La commanderie des Antonins d’Issenheim, connue dans toute l’Europe, était un lieu où on allait en pèlerinage. On y vénérait Saint-Antoine censé faire guérir d’un mal affreux, le feu de Saint-Antoine, l’équivalent de la peste à l’époque, fruit de la colère divine croyait-on. Aujourd’hui, on sait que c’est une maladie provoqué par un parasite dans l’ergot de seigle qui contractait les vaisseaux sanguins, et qui provoquait des nécroses dans les extrémités. Et la seule façon de guérir était d’intercéder auprès de Dieu. Le malade qui arrivait à Issenheim était conduit dans le chœur devant le retable, alors que le peuple restait habituellement dans la nef. Il buvait le Saint-Vinage, un breuvage à base de vin, qui trempait dans les reliques de Saint-Antoine avec des plantes calmantes.

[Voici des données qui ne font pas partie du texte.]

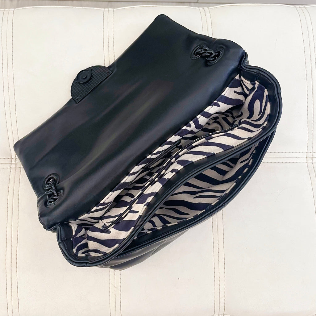 Un modello comodo da portare sia a spalla che a tracolla grazie alla catena scorrevole.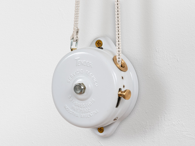 La cuerda que lo hace subir y bajar esta gastada e, incluso, tiene un remiendo producto de alguna antigua reparación.

Au XIVe et début du XVe, on est dans un art hiératique et narratif, qui montre l’importance de l’église, des sociétés. On voit une évolution à la fin du XVe et début du XVIe, des sentiments nouveaux apparaissent et notamment le thème de la nature. Il y a une rupture dans l’image de la dévotion : on est plus proche de la souffrance des gens, et le christ souffre autant que le fidèle. Avant, il n’y avait pas du tout cette violence représentée : Dieu est amour, Dieu est pitié, mais pas Dieu est violence. Imaginez un fidèle du XVIe siècle : il n’a jamais vu la crucifixion d’un christ qui est un cadavre, avec un fond sombre, avec des marques de flagellation, avec des pieds explosés par des clous, avec des ongles bleus. Et tous ces éléments se retrouvent à la hauteur de ses yeux : il y a de quoi être impressionné !

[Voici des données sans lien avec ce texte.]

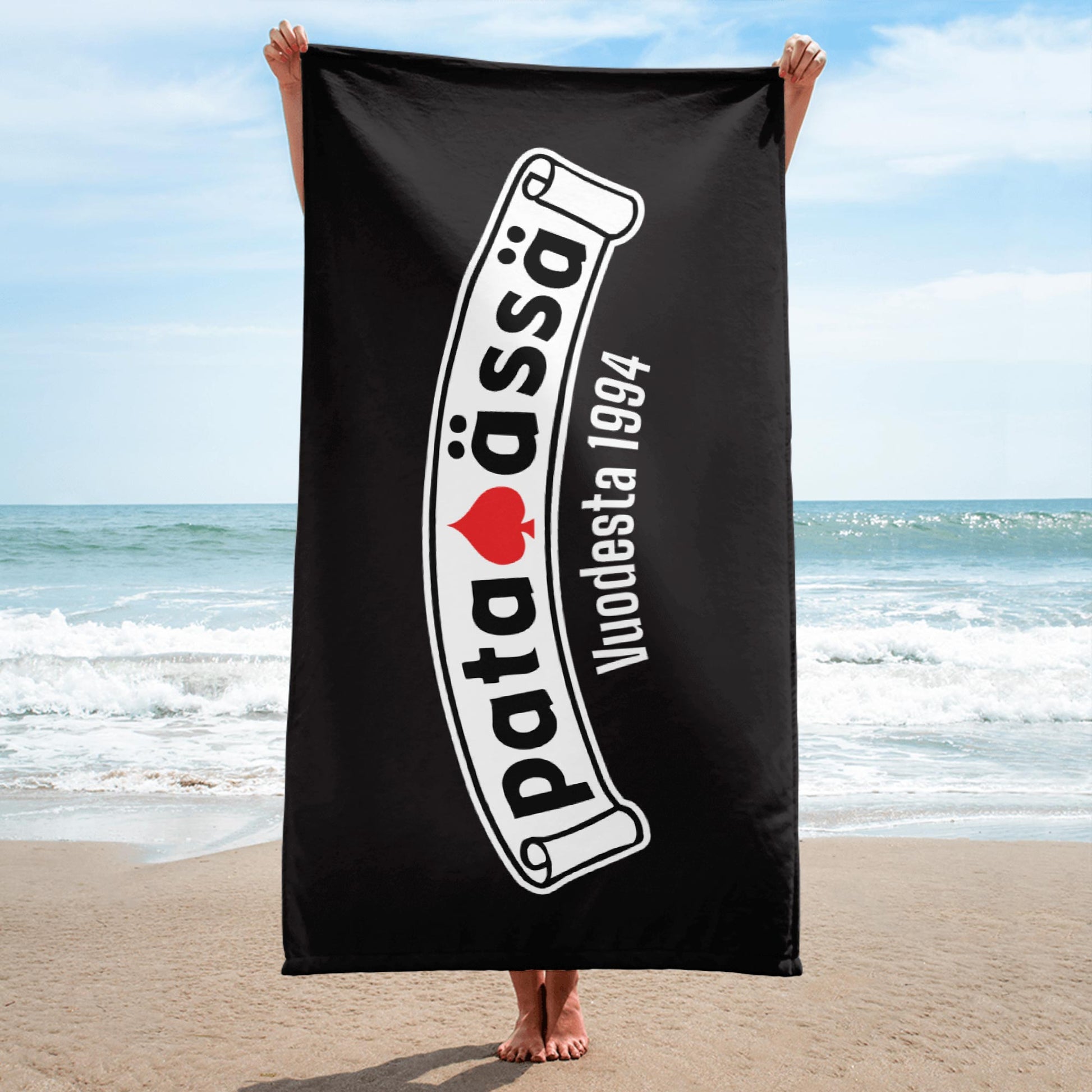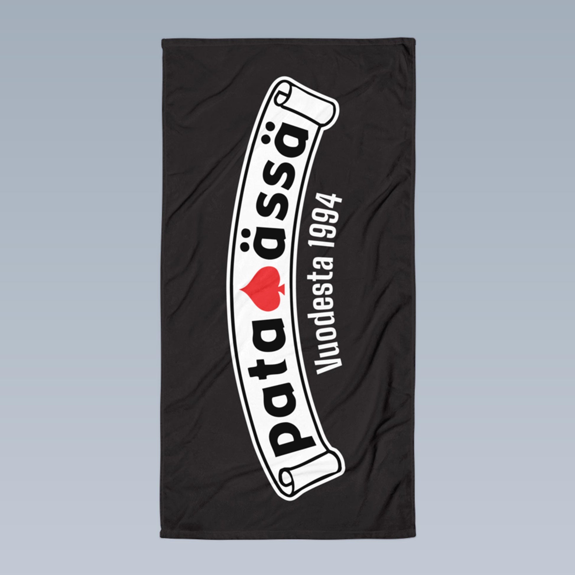 Tämä laadukas sublimointipyyhe sopii kaikkiin tilanteisiin – rannalle, kotiin tai saunaan. Suurella koollaan 76,2 cm x 152,4 cm pyyhe tarjoaa runsaasti tilaa mukavaan käyttöön. Mustalla pohjalla oleva Pataässä-logo tuo tyyliä ja persoonallisuutta jokaiseen käyttöhetkeen.

Grünewald était reconnu de son vivant et des artistes comme Hans Baldung Grien ou Albrecht Aldorfer étaient dans la même mouvance. Il faut savoir que ce retable était dans un couvent, et non dans une église ouverte à tous, donc il a été peu vu. C’est seulement au XIXe , quand il est présenté au musée Unterlinden, qu’il va avoir plus d’impact. Au XXe, des artistes comme Picasso, Sutherland, Johns, Saura, ont été touchés et influencés par ce retable. Otto Dix et son triptyque de la guerre transpire de la même violence. Jasper Johns reprend dans ses toiles le personnage de l’agression de Saint-Antoine. Graham Sutherland s’attarde sur la figure du Christ. Tous légitiment l’œuvre encore davantage.

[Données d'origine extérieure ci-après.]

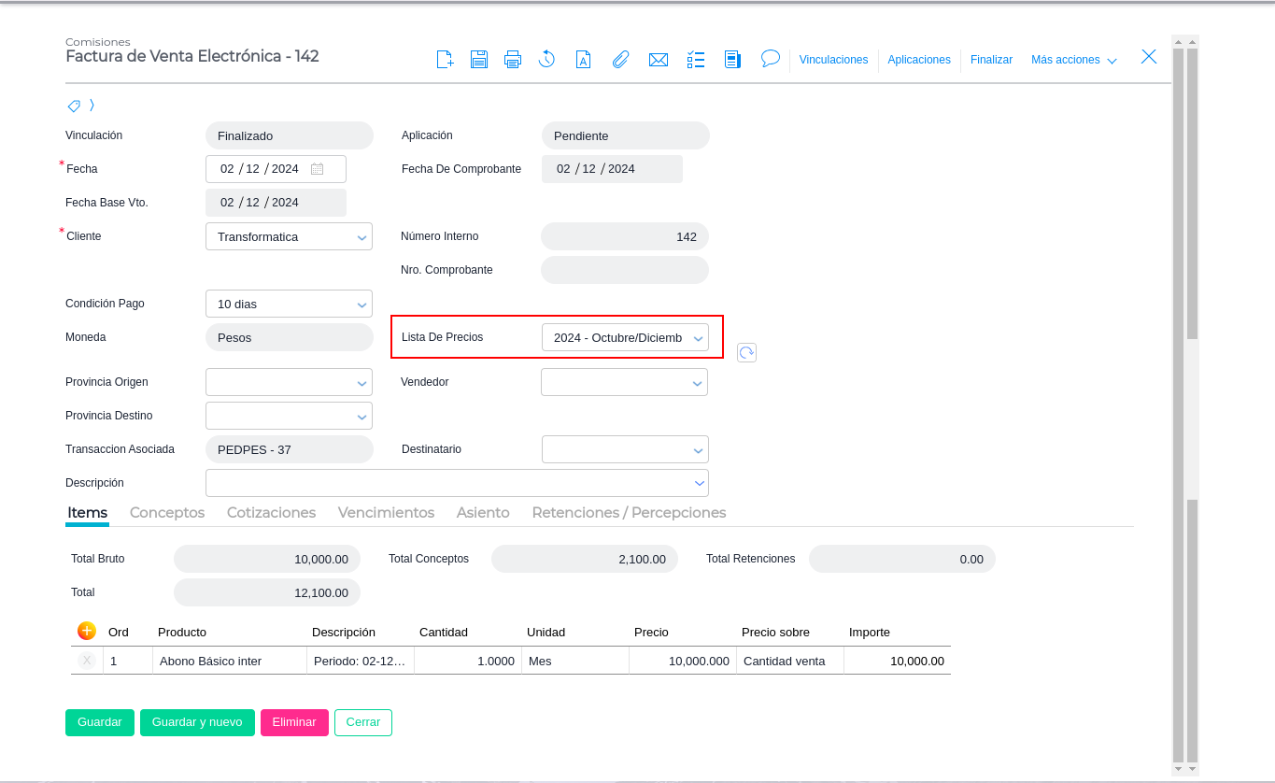 - Al generar la factura, la misma hereda el campo Lista de precios, de manera informativa.

Pour restaurer une oeuvre aussi emblématique, on a commencé par le panneau le plus documenté, celui de Saint-Antoine. Évidemment, un comité scientifique a été réuni pour analyser l’oeuvre le 5 juillet et a voté le protocole proposé par les deux restauratrices. Il s’agit d’un amincissement des vernis, et nous n’avons pas touché à la couche picturale. La restauratrice a été rapide car elle avait déjà travaillé sur des retables d’Issenheim et des Dominicains, elle connaissait la composition des vernis de protection et savait quel solvant employer. Pour ne pas qu’il pénètre profondément dans la matière, il fallait faire vite, en 5 jours. Avec cette polémique, la Direction des musées de France a gelé le projet, mais un nouveau comité scientifique se réunit le mois prochain. Si son avis est positif, on pourra continuer la restauration sur un deuxième panneau. L’oeuvre a des soulèvements et des lacunes, il faut cette mesure conservatrice et esthétique pour la redécouvrir.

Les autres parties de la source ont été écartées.